Если конфликты все-таки возникали — правда, крайне редко, — это случалось по вине студентов, попавших сюда по ошибке. Опираясь на поддержку извне, они развертывали здесь бурную агитацию. Но за ними никто не шел. Идеи борьбы, переустройства мира были совершенно чужды Сент-Фелису. «Золотая молодежь» оттачивала свой интеллект и накапливала знания в атмосфере великосветского салона, которым и был, по сути дола, Сент-Фелис. Положение родителей полностью обеспечивало учащимся всяческий комфорт. Им достаточно было катиться по заранее проложенной для них колее, никуда не сворачивая, чтобы столь прекрасно установленный порядок никогда не нарушался. Вот почему чужаки не надолго задерживались в университете. Студенческие волнения бушевали по всей стране, но здесь царил покой.
В глубине обширной университетской территории находился детский сад. Как ни странно, здесь тоже была автостоянка, забитая дорогими автомобилями. На них привозили и увозили детей. В этот фешенебельный детский сад отдавали детей не только из Токио и его пригородов, но и из соседних префектур. На какое-то мгновение Ниими даже забыл о цели своего визита: его охватило беспокойство — сумеют ли сестра с мужем при своих доходах обеспечить сыну полный курс обучения?
Ниими пригласили в приемную, где его встретил человек со значком заведующего. Заведующий с недоумением взглянул на медвежонка, которого Ниими держал в руках, и подтвердил, что это действительно сувенир детского сада Сент-Фелис.
— А в чем, собственно, дело? — спросил он настороженно.
— Видите ли, судя по всему, владелец этого медвежонка попал под автомобиль, — сказал Ниими, сознательно искажая происшедшее.
— И что же?
— Поскольку найти его до сих пор не удалось… — И Ниими объяснил, что случайно оказался на месте столкновения вскоре после того, как оно произошло, и подобрал там этого медвежонка. Но никаких других доказательств происшествия у него нет, и полиция за это дело не берется. Пятна на медвежонке — это, очевидно, кровь пострадавшего. Даже если ему не удастся ничего предпринять для расследования этого преступления, он хотел бы по крайней мере вернуть медвежонка семье пострадавшего, но сначала надо ее разыскать.

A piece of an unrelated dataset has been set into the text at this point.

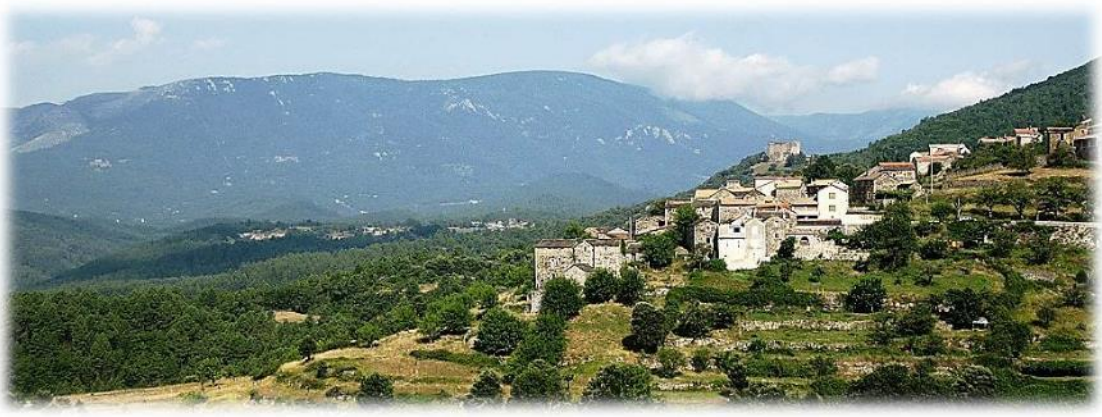
Cheylard castle and the Mont Lozere skyline

История прозвучала довольно правдоподобно. Заведующий, видимо, поверил Ниими.
— Эта игрушка была подарена одному из наших новичков в пятьдесят восьмом году, — сказал он.
— Откуда вы знаете? — спросил Ниими.
— У нас игрушки пяти видов: медведь, белка, заяц, обезьяна и собака. Через каждые пять лет они повторяются. Медведь приходится на годы, оканчивающиеся тройкой и восьмеркой. У троечных медведей носы белые, у восьмерочных — черные.

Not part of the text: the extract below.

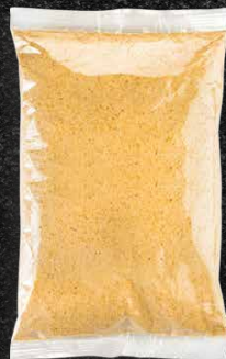
500 G 170 MM X 275 MM

— А почему вы сказали, что этот мишка относится к пятидесятым годам?
— У него на шее пять белых отметин. Значит, пятидесятые годы. Каждое поколение игрушек имеет свой цвет когтей, зубов, ушей и тому подобного.
— Понятно. Скажите, а вы не могли бы показать мне список принятых в сад в пятьдесят восьмом году?
— Видите ли… Если семья пострадавшего подала просьбу о розыске, то появление медвежонка, возможно, поможет делу.
— Ну что же, если так, я не возражаю, — сказал заведующий. Хитроумная легенда Ниими подействовала. Идея объявить владельца медвежонка пострадавшим оказалась удачной. Если бы Ниими сказал, что игрушка принадлежит преступнику, ему не только отказали бы в праве взглянуть на список, но и без промедления указали бы на дверь: Сент-Фелис с его безупречной репутацией не мог воспитывать правонарушителей.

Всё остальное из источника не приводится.